The energy barrier associated with constriction depends on preexisting membrane curvature
We investigated the effect of local, preexisting curvature on the energy barrier associated with tubule constriction in axisymmetry. We pulled out a membrane tube by applying an external axial force (faxial) on a small patch of the membrane to mimic a point load while maintaining a membrane tension of 0.2 pN/nm [59]. We then applied a radial collar pressure at different locations on the tube (Figure 3A) while maintaining the membrane height, a setup that can be generalized to in-vitro membrane tubules pulled by optical tweezers.

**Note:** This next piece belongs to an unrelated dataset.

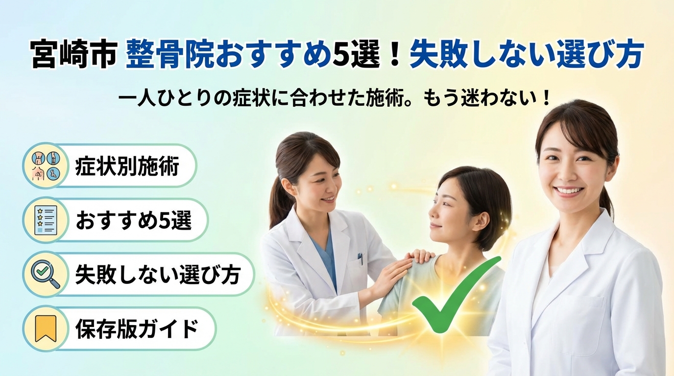 さらに、安さやクーポン、人気だけで選んだときのトラブル例や、「ボキボキ整体が怖い」「子連れで通いたい」「メンズ歓迎の整体を探したい」といった条件別のチェックポイントも明示します。このガイドを一読してから探せば、宮崎市で自分の身体と生活に本当に合う整骨院を、最短距離で絞り込めます。

In the absence of a fixed height applied as a boundary condition, the membrane deforms freely in the axial direction at negligible collar pressures (Figure S2). Results from our simulations show that pinching the tube at the cap (positive mean and Gaussian curvature) and along the cylinder (positive mean and zero Gaussian curvature) results in similar force-shape relationship (Figure 3D) and the cross section of the pinched profile remains circular by construction due to the restriction of axisymmetry. (Figure 3B,C). Surprisingly, for the same range of collar pressure applied to the base (positive-negative mean and negative Gaussian curvature), we observed the existence of a snap-through instability as the membrane constriction progresses, as shown by the red line in Figure 3D. The dotted lines (Figure 3D, base) are calculated using displacement control, i.e., compute the applied force given the membrane shape. However, given our initial conditions and the mechanism of neck formation via increasing pressure, these shapes are not accessible during constriction. As in all snap-through instabilities, this pinching instability arises from a reduced energy barrier and associated reduction in neck radius, and has been reported in other membrane physical processes as well [9, 35, 36]. Despite the existence of the snap-through instability at the base, the pressure needed for further constriction becomes unbounded as the pinching radius approaches zero. This suggests that fully symmetric membrane shapes are not favorable for constriction below a certain critical radius.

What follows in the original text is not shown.